● **Exercise brief**:
The records below hold a stretch from the line with "Un robot humanoide" through the line with "Der ABS-Sensor für"; return exactly those lines, ends included, and nothing more.

● **Data shown**:
☆ ☆ ☆ ☆ ☆
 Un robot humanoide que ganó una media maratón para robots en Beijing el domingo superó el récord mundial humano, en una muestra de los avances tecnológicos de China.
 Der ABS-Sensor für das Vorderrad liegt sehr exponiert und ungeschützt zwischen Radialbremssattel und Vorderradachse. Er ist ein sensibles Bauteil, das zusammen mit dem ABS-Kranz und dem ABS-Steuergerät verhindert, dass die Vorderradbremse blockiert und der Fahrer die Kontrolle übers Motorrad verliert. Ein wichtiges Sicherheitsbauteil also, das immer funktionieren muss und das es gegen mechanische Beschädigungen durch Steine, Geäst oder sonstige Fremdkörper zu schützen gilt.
☆ ☆ ☆ ☆ ☆
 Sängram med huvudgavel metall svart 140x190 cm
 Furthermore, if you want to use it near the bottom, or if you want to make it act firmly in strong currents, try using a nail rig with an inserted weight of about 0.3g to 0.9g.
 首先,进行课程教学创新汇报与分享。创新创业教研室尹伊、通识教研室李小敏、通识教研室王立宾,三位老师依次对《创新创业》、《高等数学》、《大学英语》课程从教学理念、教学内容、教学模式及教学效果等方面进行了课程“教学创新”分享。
☆ ☆ ☆ ☆ ☆
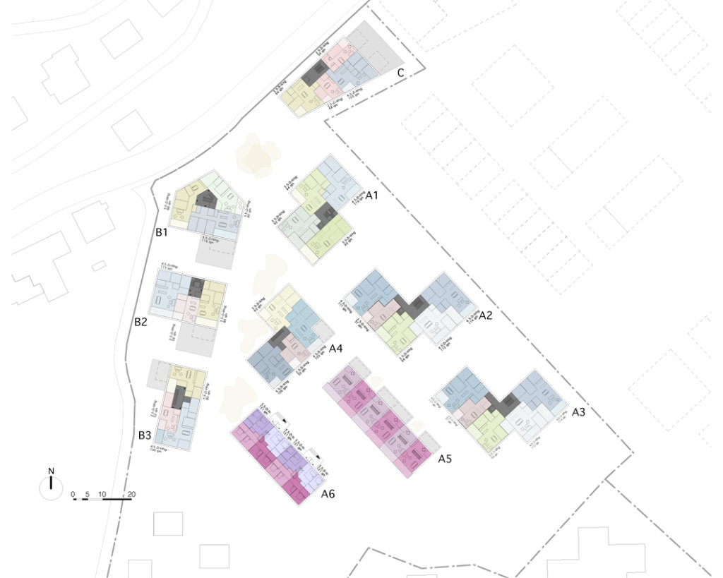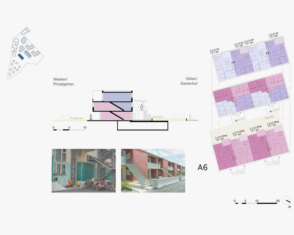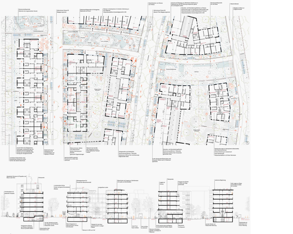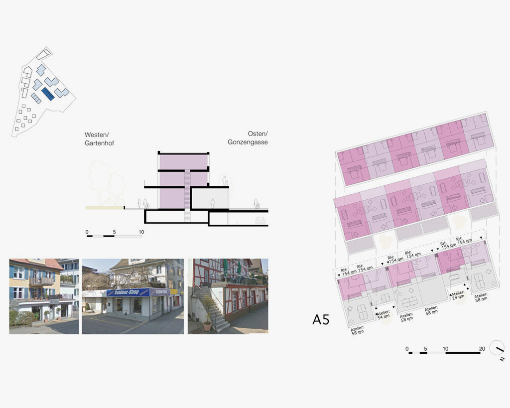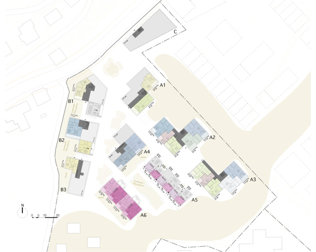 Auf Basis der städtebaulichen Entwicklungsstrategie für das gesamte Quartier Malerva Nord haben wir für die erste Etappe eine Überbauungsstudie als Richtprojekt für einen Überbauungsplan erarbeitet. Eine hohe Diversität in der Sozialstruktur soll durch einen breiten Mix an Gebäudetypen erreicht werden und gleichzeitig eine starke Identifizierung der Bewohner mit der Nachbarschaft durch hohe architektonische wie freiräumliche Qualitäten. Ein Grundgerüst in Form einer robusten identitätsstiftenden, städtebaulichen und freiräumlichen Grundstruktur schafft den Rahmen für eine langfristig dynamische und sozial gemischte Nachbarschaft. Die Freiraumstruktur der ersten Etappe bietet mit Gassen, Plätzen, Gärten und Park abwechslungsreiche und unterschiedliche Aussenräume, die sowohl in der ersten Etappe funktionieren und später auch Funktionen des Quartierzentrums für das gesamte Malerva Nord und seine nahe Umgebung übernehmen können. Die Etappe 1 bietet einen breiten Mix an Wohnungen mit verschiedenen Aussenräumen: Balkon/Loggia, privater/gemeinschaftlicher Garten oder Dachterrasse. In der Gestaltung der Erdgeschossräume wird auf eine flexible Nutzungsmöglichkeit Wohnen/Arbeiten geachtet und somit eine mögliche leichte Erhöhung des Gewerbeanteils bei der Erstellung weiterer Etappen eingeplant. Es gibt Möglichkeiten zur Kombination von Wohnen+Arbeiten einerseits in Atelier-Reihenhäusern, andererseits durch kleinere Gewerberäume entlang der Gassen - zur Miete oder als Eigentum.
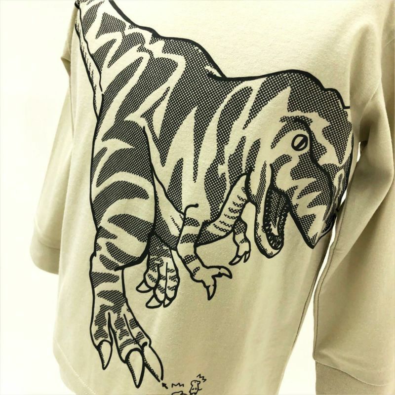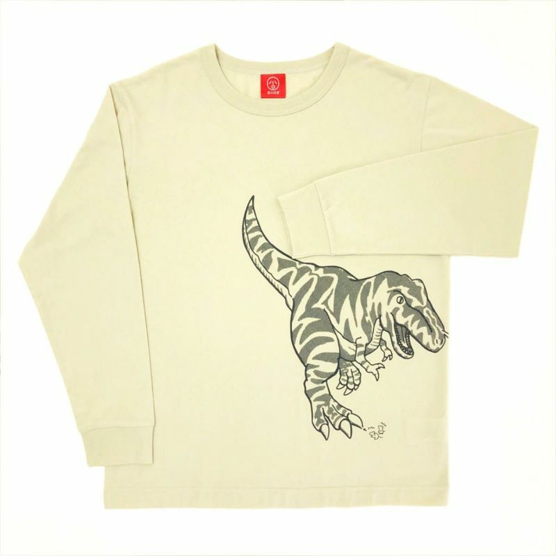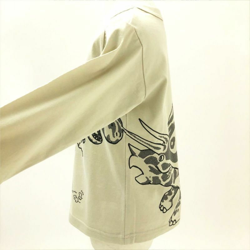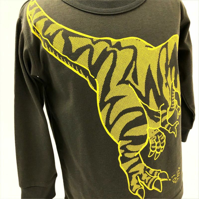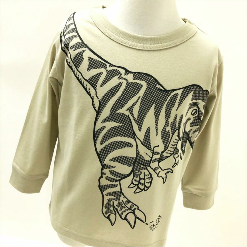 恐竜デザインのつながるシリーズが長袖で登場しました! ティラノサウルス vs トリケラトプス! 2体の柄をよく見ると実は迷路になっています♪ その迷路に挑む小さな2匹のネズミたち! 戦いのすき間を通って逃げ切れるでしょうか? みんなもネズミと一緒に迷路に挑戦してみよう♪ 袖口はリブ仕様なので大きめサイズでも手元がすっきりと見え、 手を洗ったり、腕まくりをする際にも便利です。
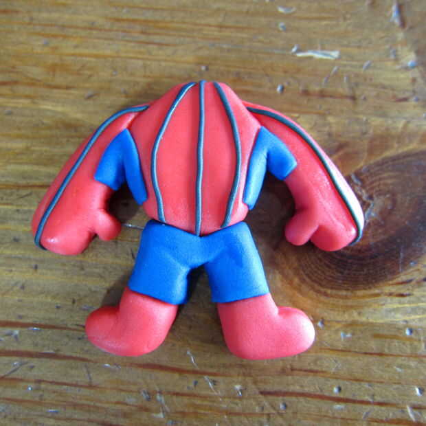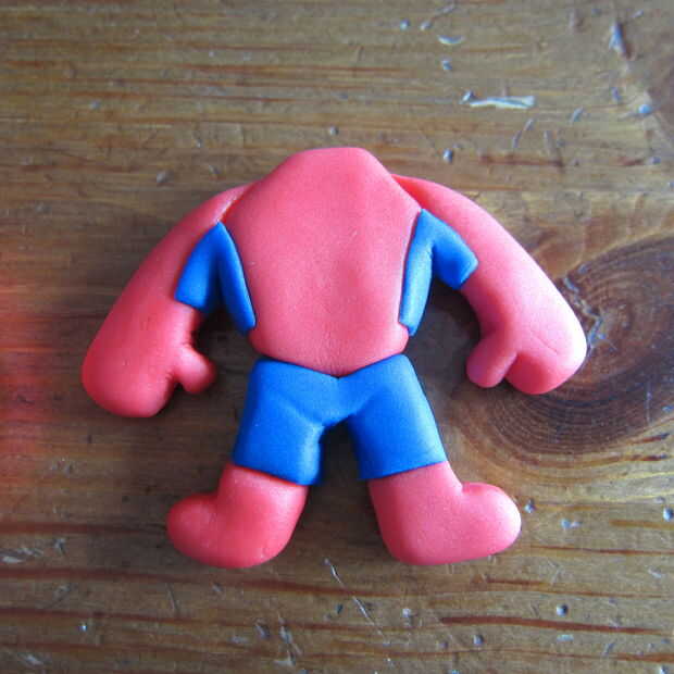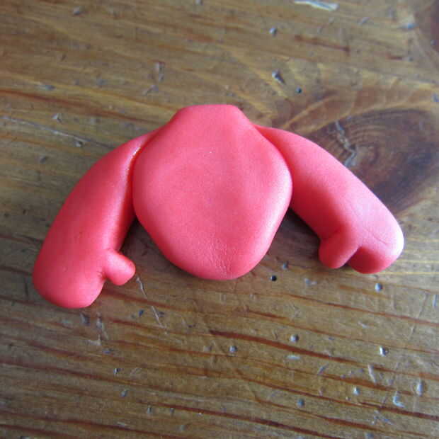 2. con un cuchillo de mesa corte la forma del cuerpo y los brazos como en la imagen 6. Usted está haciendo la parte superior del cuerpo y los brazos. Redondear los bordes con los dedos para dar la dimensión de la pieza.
☆ ☆ ☆ ☆ ☆
● **Exercise answer**:
 Un robot humanoide que ganó una media maratón para robots en Beijing el domingo superó el récord mundial humano, en una muestra de los avances tecnológicos de China.
 Der ABS-Sensor für das Vorderrad liegt sehr exponiert und ungeschützt zwischen Radialbremssattel und Vorderradachse. Er ist ein sensibles Bauteil, das zusammen mit dem ABS-Kranz und dem ABS-Steuergerät verhindert, dass die Vorderradbremse blockiert und der Fahrer die Kontrolle übers Motorrad verliert. Ein wichtiges Sicherheitsbauteil also, das immer funktionieren muss und das es gegen mechanische Beschädigungen durch Steine, Geäst oder sonstige Fremdkörper zu schützen gilt.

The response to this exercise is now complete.